Thanksgiving morning and the house was already a hive of activity. My Bride was preparing for some thirty people to come over for the holiday and I try to keep a low profile, until I am called for. She was concerned, because the largest turkey she could find was an eighteen-pound bird, so she bought an additional turkey breast as well. There was also concern because she had to make two batches of stuffing, because some didn’t want to have any stuffing that had been in the birds, which she normally mixes with the balance of the stuffing that she makes, so she made one complete pot of stuffing that was chaste.

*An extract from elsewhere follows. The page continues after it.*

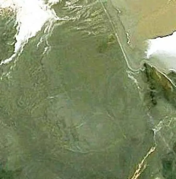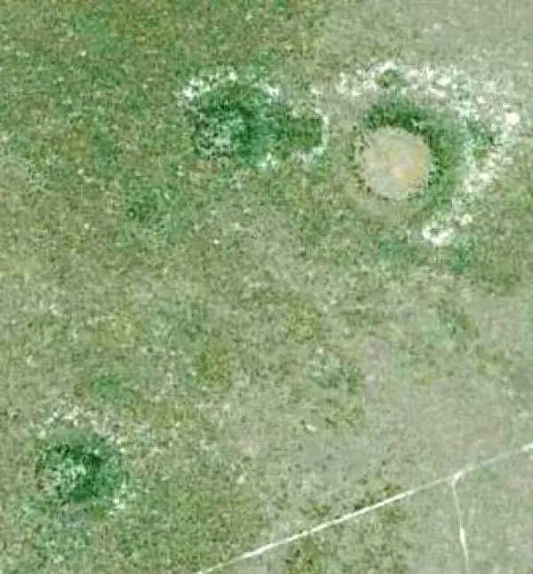 Provincia de Chubut, Patagonia, Arg. Bajada del diablo. En una área de 27 x 15 km aparecen más de cien posibles cráteres de impacto del tipo simple . Se trata de depresiones en forma de taza con el borde sobreelevado con respecto al piso de la geografía local. Catorce cráteres muestran diámetros comprendidos entre los 300 y los 1 000 metros. En muchos casos, se aprecian alrededor de cada cráter Hubicacion 42º 45' S, 67º 30' W. (1300 km de Mtvo.)

She also made her famous Caesar dressing without anchovies, because of some that were allergic to those tasty little fish. She was trying to get some of the dishes prepared early as there was a huge tenderloin to deal with as well, not to mention all of the sides that are needed for the meal.
Some of the guests actually showed up at the proper time suggested, as they were making their strategic battle plans for shopping on the next day. The table in the breakfast nook were covered with the advertisements from the papers, which is fine for them, as our shopping had already been finished, in fact the packages were already wrapped and bundled by families. The day before she had also mailed the cards with the newsletters and had even shipped the parcel for the Las Vegas families as well, she is very organized. If I had one complaint is that the newspaper which normally costs two dollars, charges five dollars for the Thanksgiving issue and I think that is outrageous, considering all the extra income the paper receives for the advertisements any ways. We tried to clear the table to place appetizers out for the punctual guests. We had a pâté that was just wonderful, as I was afraid that I would eat the entire plate along with mustards and cornichons. There were plenty of different cheeses set out, and for the aged white cheddar, we also had drizzled honey on the slices. My problem is that I can usually make my entire meal just from the munchies.
I tried to proselytize the concept of wine to those that usually say that our wines are too dry. I had filled one of the refrigerators with some wines that need chilling and I even put some wine that I thought would win over the nay-sayers. I opened up a bottle of Chateau Thivin Beaujolais Villages Rosé 2016. Chateau Thivin has been around for about six-hundred years and is in the heart of Brouilly in the Beaujolais region. This wine naturally is made from Gamay Noir a Jus Blanc and after the grapes are macerated the juice is left with the skins for a natural coloring and this fruit is from vines averaging fifty years in age. After the one day, the juice is fermented in Stainless Steel to maintain the fruit. It may have been the best Rosé I have had all year and they all agreed to try it, but to wine lovers it was great, but to those on fence, it just was still to dry. Our Daughter-in-Law brought a bottle of wine that was the hit of the early guests. She brought a bottle of Fenn Valley Vineyards Red Currant Wine NV. Fenn Valley Vineyards is from the west side of Michigan near Lake Michigan and they offer a wide range of wines not only made from grapes, but from other fruits as well, plus they are known for the charity events that they host from time to time. This winery in Fennville has a slogan “the lake effect everyone loves” playing off of the fact that the lake effect there in the winter brings extra snow-fall, but during the summer it allows a great climate for growing and harvesting grapes. The red currant that this wine was made from is a member of the gooseberry family and creates a sweeter wine that was a hit for the non-vinifera crowd. I always think that today’s fruit wine drinker may become tomorrow’s wine drinker. The Thanksgiving holiday was off to a great start.